++++ DATA FOR PROCESSING ++++

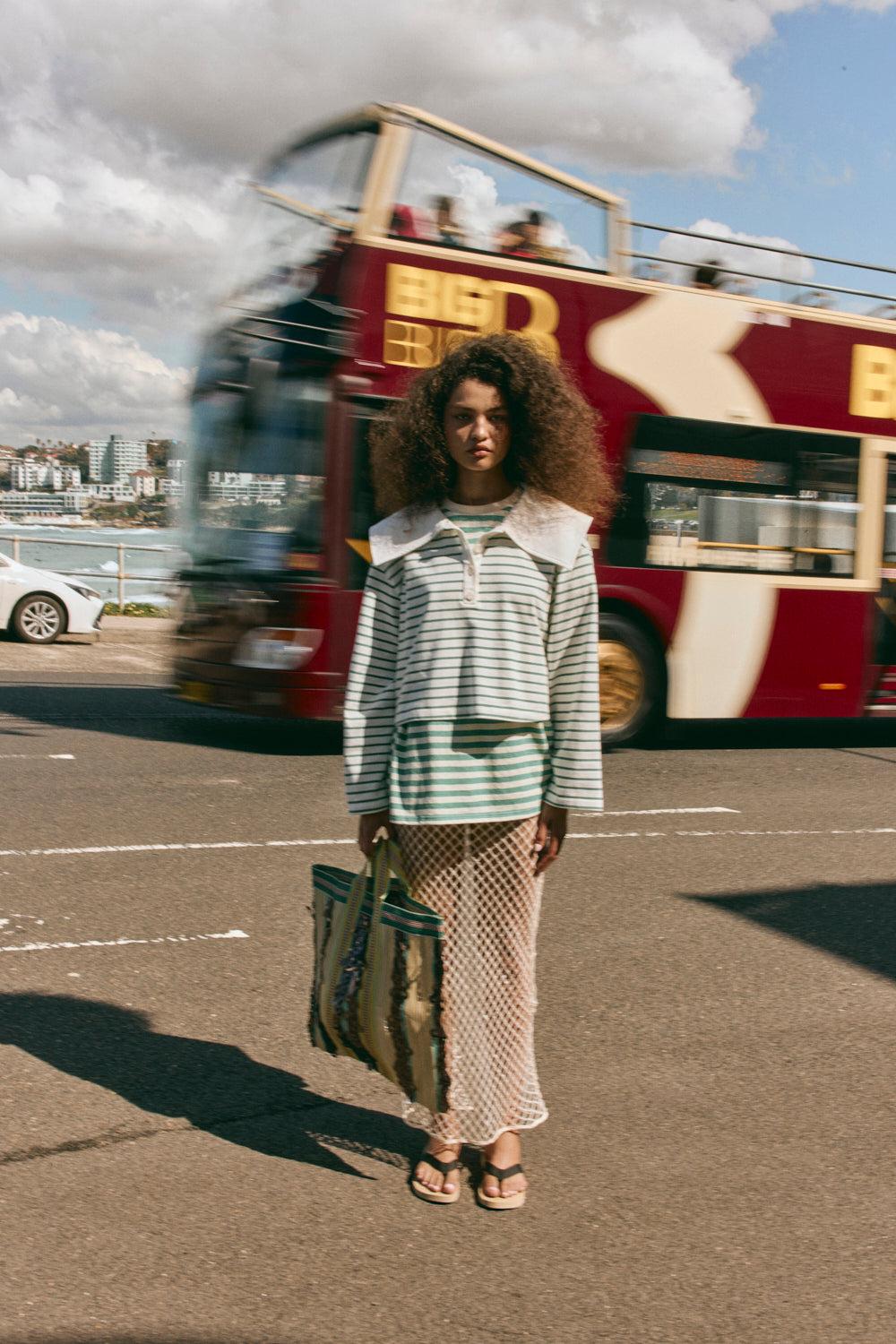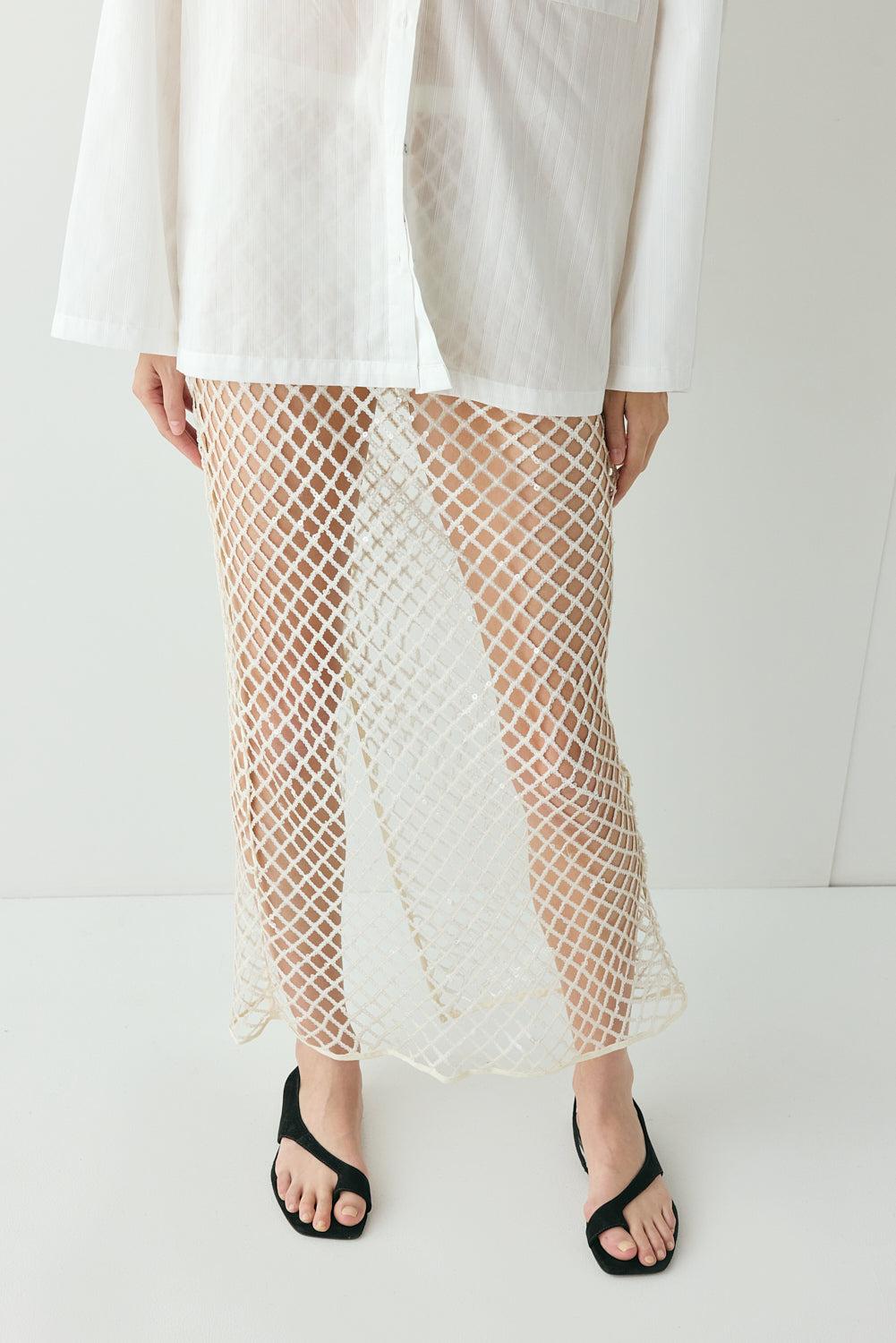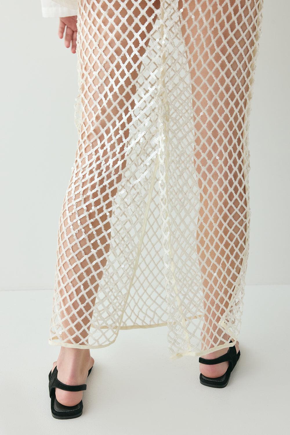 Our bestselling Devyn, reimagined in netting detailed with sequins. It sits high on the waist with a contrast waistband, side zip and a back split to keep things moving. Designed to layer over briefs or pair with the matching top - it’s a statement piece built for contrast.
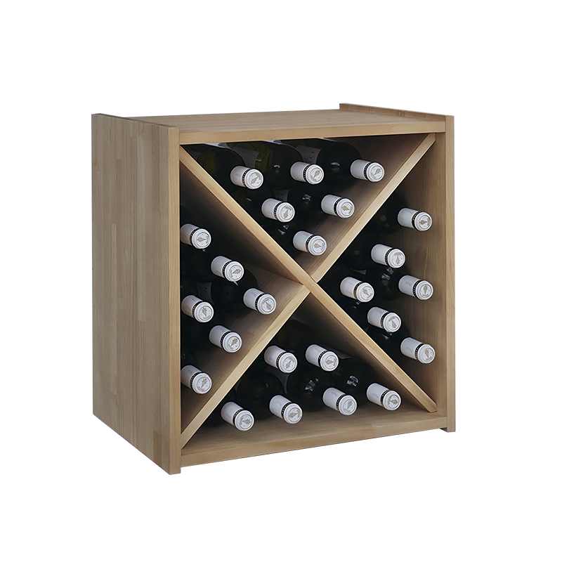 Pequeño Botellero 450016 en madera sostenible con diseño en X para 24 botellas.
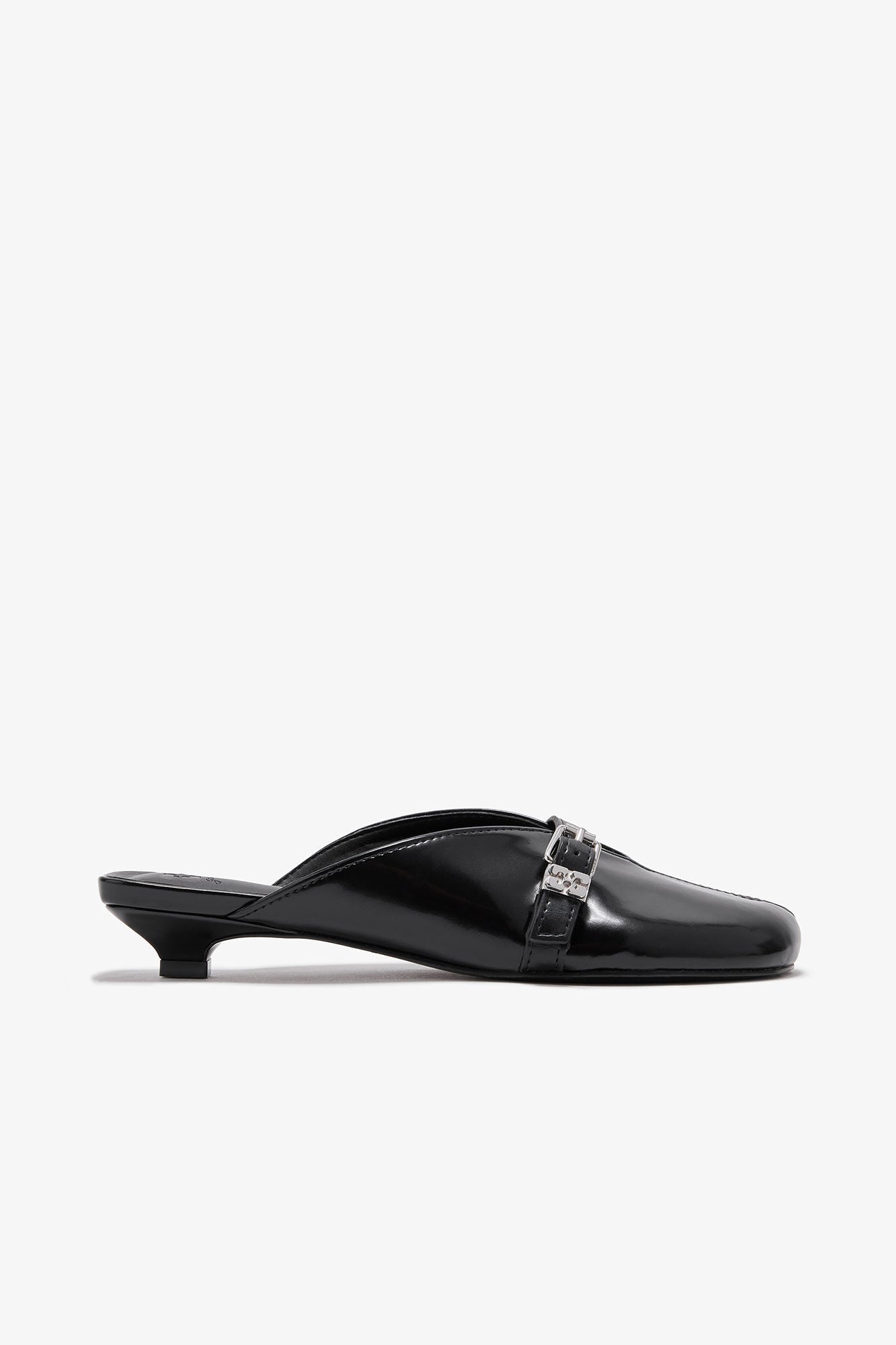 These heels feature a sleek mule-style design with a rounded toe and a distinctive V-shaped instep. A buckle strap with a silver-tone GANNI Butterfly logo adds a refined finishing touch. Crafted from 100% Oleatex™ — a conscious material made with 50% biobased polyurethane and 50% recycled polyester — they combine modern design with a more responsible approach to everyday style.
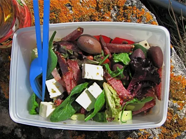 2) Och där intar man den medhavda salladen med salami och fetaost som därmed BLIR en gotländsk gourmetmåltid!
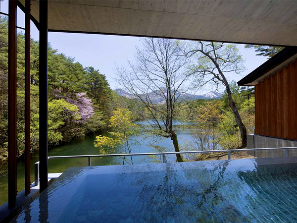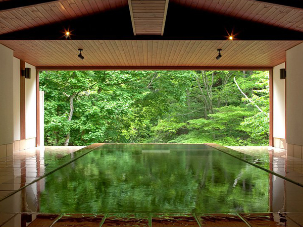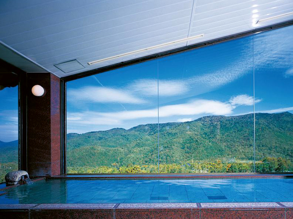 上信越国立公園の大自然の中に佇むホテルの大浴場からは奥志賀の山々を眺めることができ、
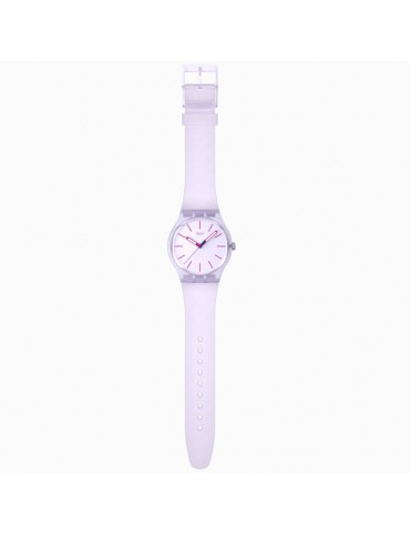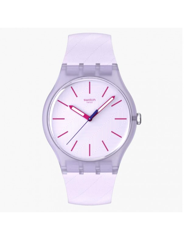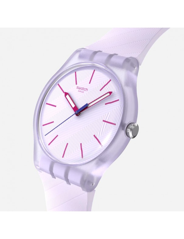 Reloj SWATCH Lavendaze SO29V101. Caja de material de origen biológico en tono morado claro mate transparente con diámetro 41 mm, esfera texturizada morado claro con índices en rosa oscuro, agujas horaria y minutero rosa oscuro luminiscentes. Correa texturizada de silicona morado claro mate con hebilla y trabilla del mismo tono. Movimiento de cuarzo suizo con cristal tipo acrílico. Resistente al agua hasta 3 ATM.
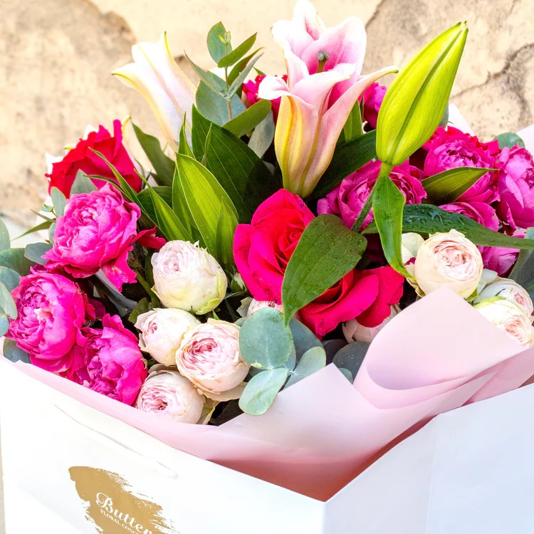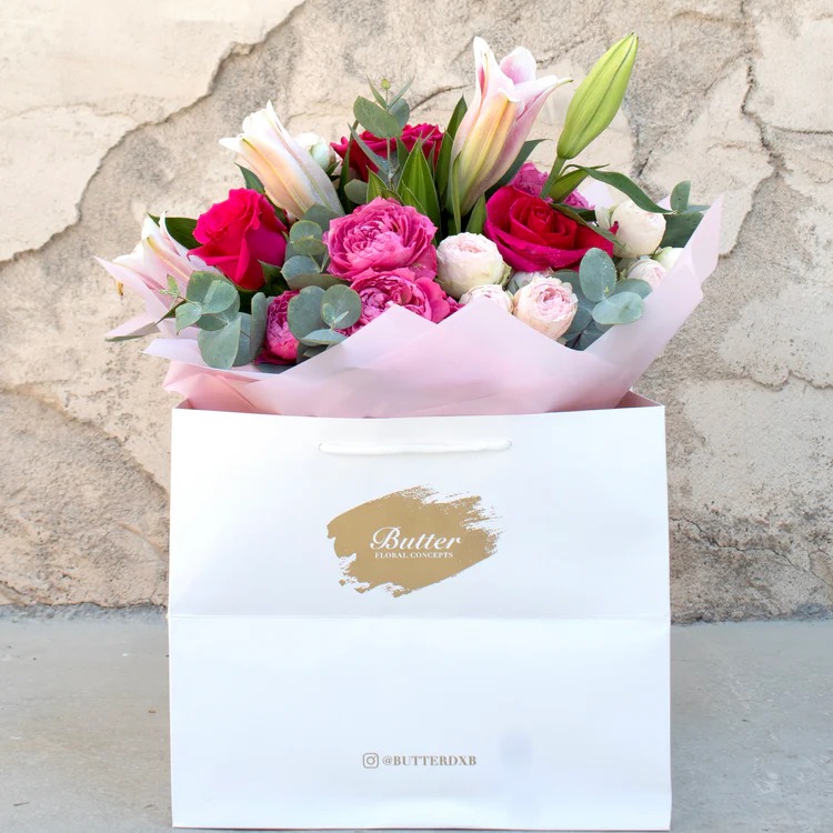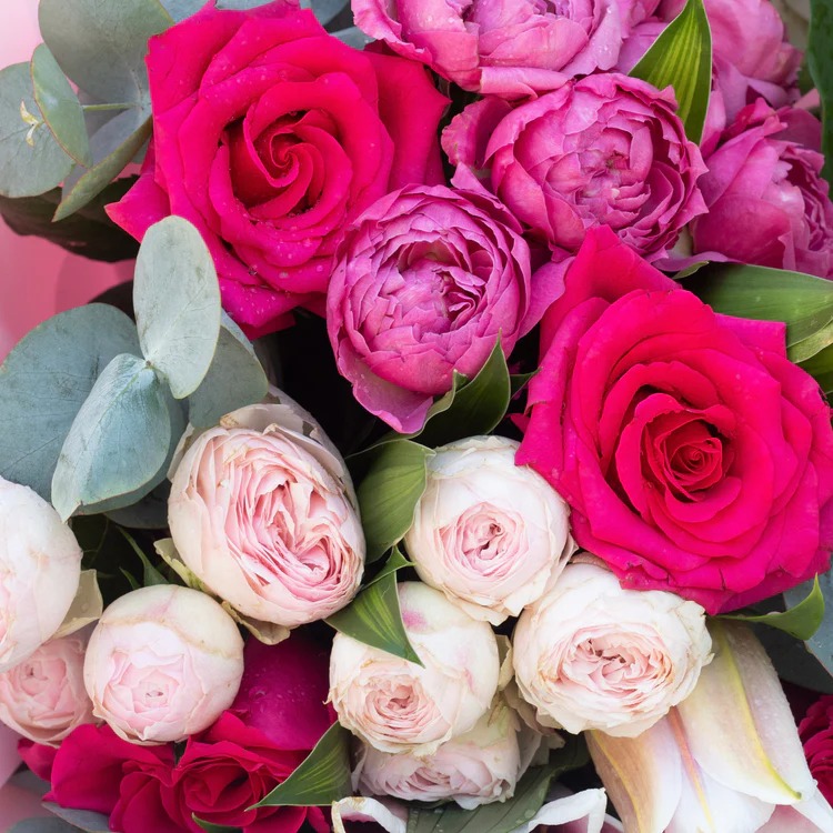An all-pink bouquet of exotic roses and baby peonies. Exudes luxury, class, and timelessness. There's simply never a wrong time to gift this bouquet! Delivered in a matte white bag.
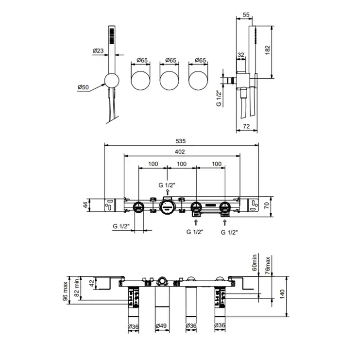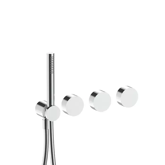 Fantini AF/21 Смеситель для ванны, на 2 потока, ручная лейка, гибкий шланг 150см., (наружная часть) цвет: Матовая натуральная сталь
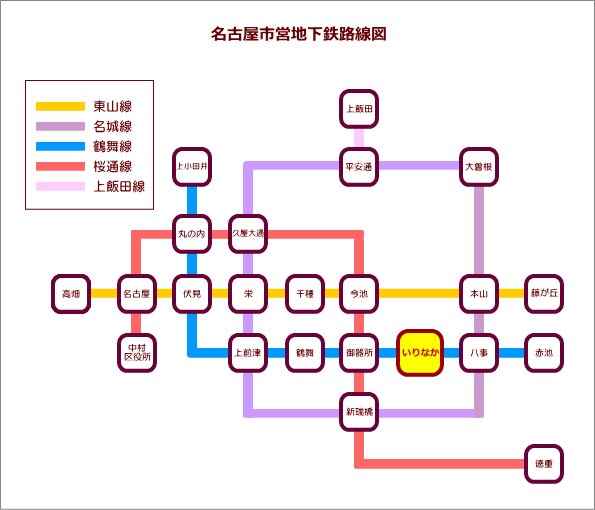 地下鉄でのアクセス地下鉄鶴舞線『いりなか』駅下車

++++

◆ WHAT YOU HAVE TO DO
Reproduce the material word for word. Skip every picture it holds.

◆ WRITTEN ANSWER
 Our bestselling Devyn, reimagined in netting detailed with sequins. It sits high on the waist with a contrast waistband, side zip and a back split to keep things moving. Designed to layer over briefs or pair with the matching top - it’s a statement piece built for contrast.
 Pequeño Botellero 450016 en madera sostenible con diseño en X para 24 botellas.
 These heels feature a sleek mule-style design with a rounded toe and a distinctive V-shaped instep. A buckle strap with a silver-tone GANNI Butterfly logo adds a refined finishing touch. Crafted from 100% Oleatex™ — a conscious material made with 50% biobased polyurethane and 50% recycled polyester — they combine modern design with a more responsible approach to everyday style.
 2) Och där intar man den medhavda salladen med salami och fetaost som därmed BLIR en gotländsk gourmetmåltid!
 上信越国立公園の大自然の中に佇むホテルの大浴場からは奥志賀の山々を眺めることができ、
 Reloj SWATCH Lavendaze SO29V101. Caja de material de origen biológico en tono morado claro mate transparente con diámetro 41 mm, esfera texturizada morado claro con índices en rosa oscuro, agujas horaria y minutero rosa oscuro luminiscentes. Correa texturizada de silicona morado claro mate con hebilla y trabilla del mismo tono. Movimiento de cuarzo suizo con cristal tipo acrílico. Resistente al agua hasta 3 ATM.
An all-pink bouquet of exotic roses and baby peonies. Exudes luxury, class, and timelessness. There's simply never a wrong time to gift this bouquet! Delivered in a matte white bag.
 Fantini AF/21 Смеситель для ванны, на 2 потока, ручная лейка, гибкий шланг 150см., (наружная часть) цвет: Матовая натуральная сталь
 地下鉄でのアクセス地下鉄鶴舞線『いりなか』駅下車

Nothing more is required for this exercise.